Selecting a base class

One of the most critical decisions you make comes right at the very beginning: Choosing the right base class. You always have the option to start with one of the core Widget types, but if there is an existing Widget from another library that already does most of what you want functionally, you're often best to use that as your base. The key in that statement is functionally. The appearance of a Widget can be changed so easily that it is almost irrelevant, so you're much better off to select your base class based on the existing functionality that it provides. Again, higher level Widgets provided by an external library, such as Amethyst, often make much better base classes for application style needs. Keep in mind though, that using one of these as a base class means that your Widget will be dependent on the presence of that library even if that library is not used anywhere else in your application. If this is unacceptable, then you're stuck using one of the core base classes.

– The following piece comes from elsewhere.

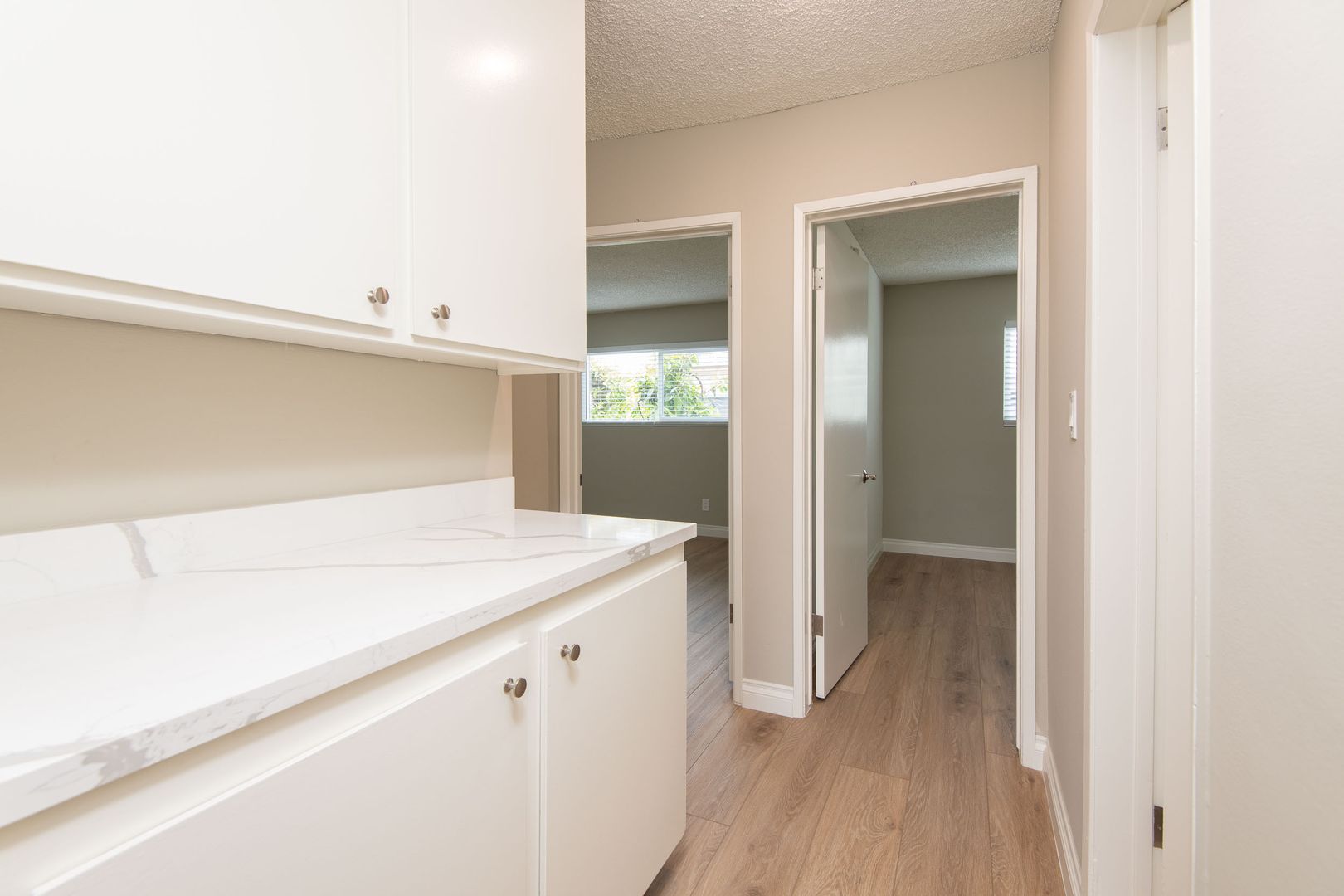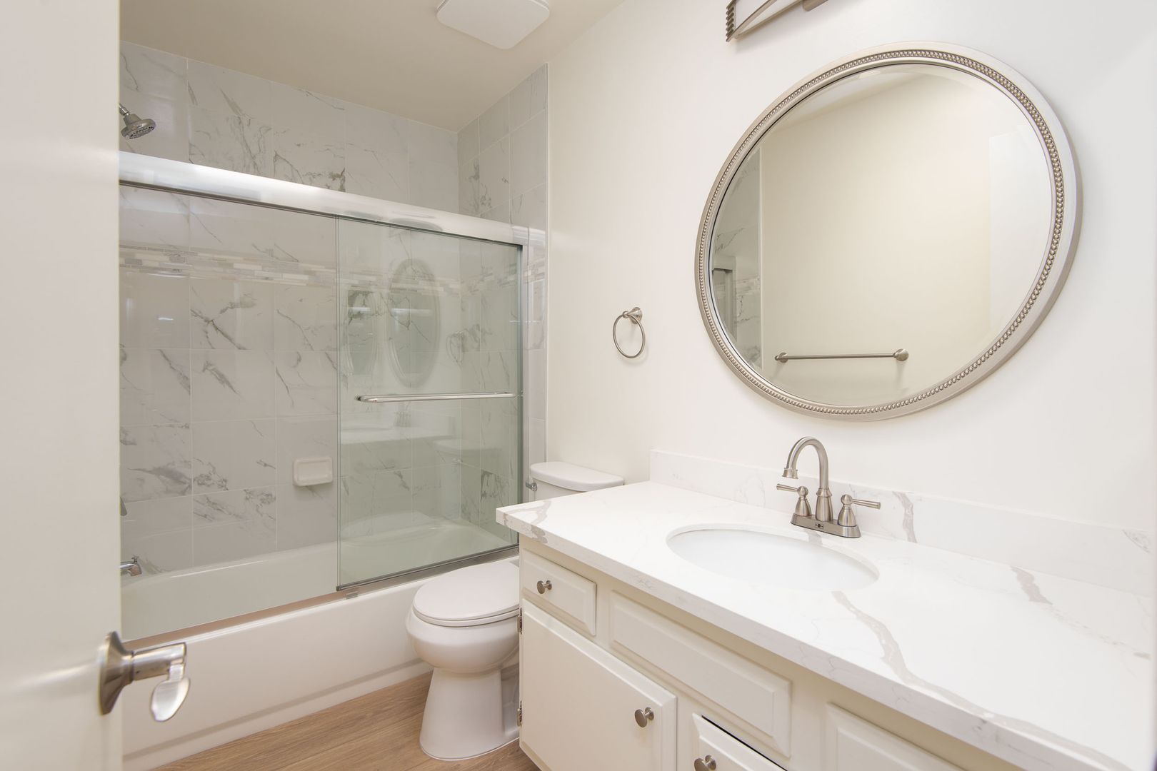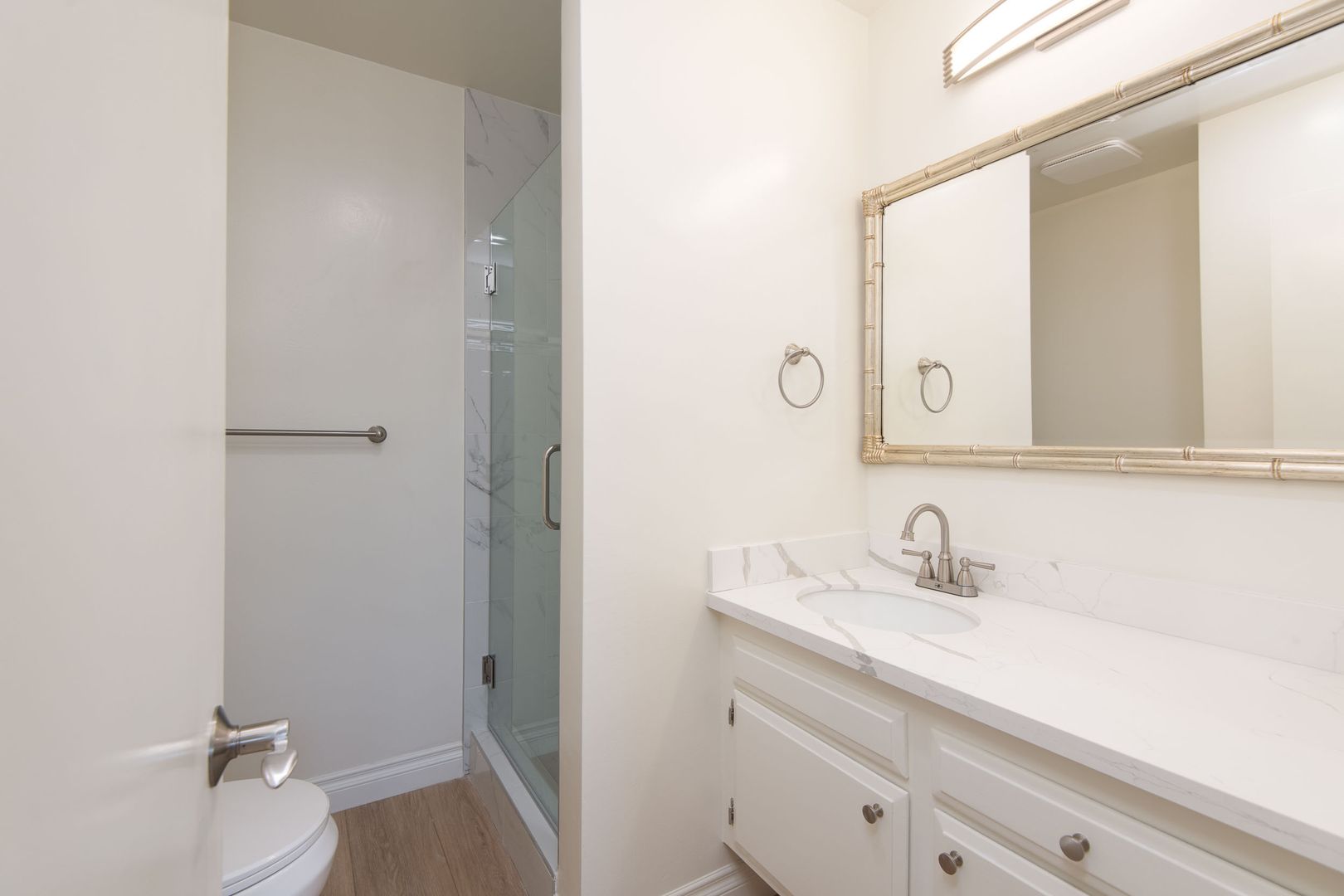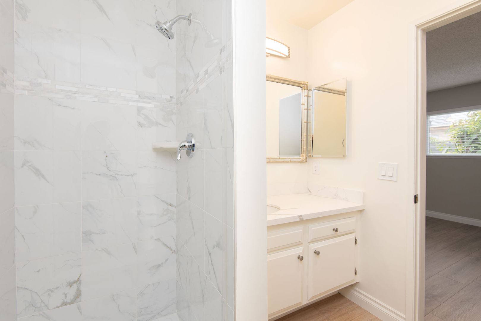 Gorgeous and newly remodeled 2 bedroom 2 has all the amenities you desire and boasts 920 sq. ft. of living space. The open and spacious floorplan has NEW laminate flooring throughout. The living room has a cozy gas fireplace with custom accent walls and a NEW wall heat pump that will keep the temperature perfect. The sliding doors lead onto a 65 sq. ft. private balcony for outdoor furniture and plants. Adjacent to the dining area is the NEWLY updated kitchen that is equipped with NEW quartz countertops, NEW stainless-steel appliances and ample cabinetry. The full hallway bathroom has a modern look with NEW quartz countertop, framed decorative mirror, and a full tub/shower with NEW quartz custom tile and NEW glass shower doors. The primary bedroom is very spacious and bright with a large window for plenty of natural light and a walk-in closet with built-in shelving. The attached bath has a NEW quartz countertop, and a spa inspired shower with NEW glass doors and a decorative mirror. The 2nd bedroom is also spacious, with a large window, mirrored closet doors and can easily fit a queen bedroom set. The hallway also has additional storage with a matching, NEW quartz countertop for a designer look. Stylist apartment home that will rent fast! Schedule a viewing today!

If you're still bound and determined to use one of the core Widget types as a base class, or simply have no other choice, it is crucial that you select the correct one. Here are the list of core base Widget classes, and some brief descriptions about them. Hopefully this will make your decision a little easier.

OpenGUI::Widget

View class documentation
This is the very bottom of the barrel. It offers the least amount of functionality, and has very few predefined properties and events. A Widget is a GUI object that can be contained but cannot contain others, possibly be drawn yet has no size or position, and can receive input events yet does nothing with them by default. If you want to make your Widget renderable, you're likely better off using Control as a base. You could use a Widget as an event snooper/logger, or as an event triggering timer object, just as a few examples. Basically any Widget that needs to have a name and exist in a GUI somewhere, yet produce no real output, is a good fit for Widget. Beyond that, you're probably better off to start looking further up the class tree.

OpenGUI::Control

View class documentation
This is an adequate option for most Widgets. Controls are Widgets that have a size and position, and offer a host of built in functionality, properties, and events. They have all of the abilities of the Widget class, plus define the most common attributes of well behaved GUI objects. If your custom Widget doesn't need to contain other widgets, this is most likely what you want to use.

OpenGUI::ContainerControl

View class documentation
If you want your custom widget to contain other widgets, ContainerControl is often the best choice. It provides all of the functionality of Control, with the added ability to contain child widgets.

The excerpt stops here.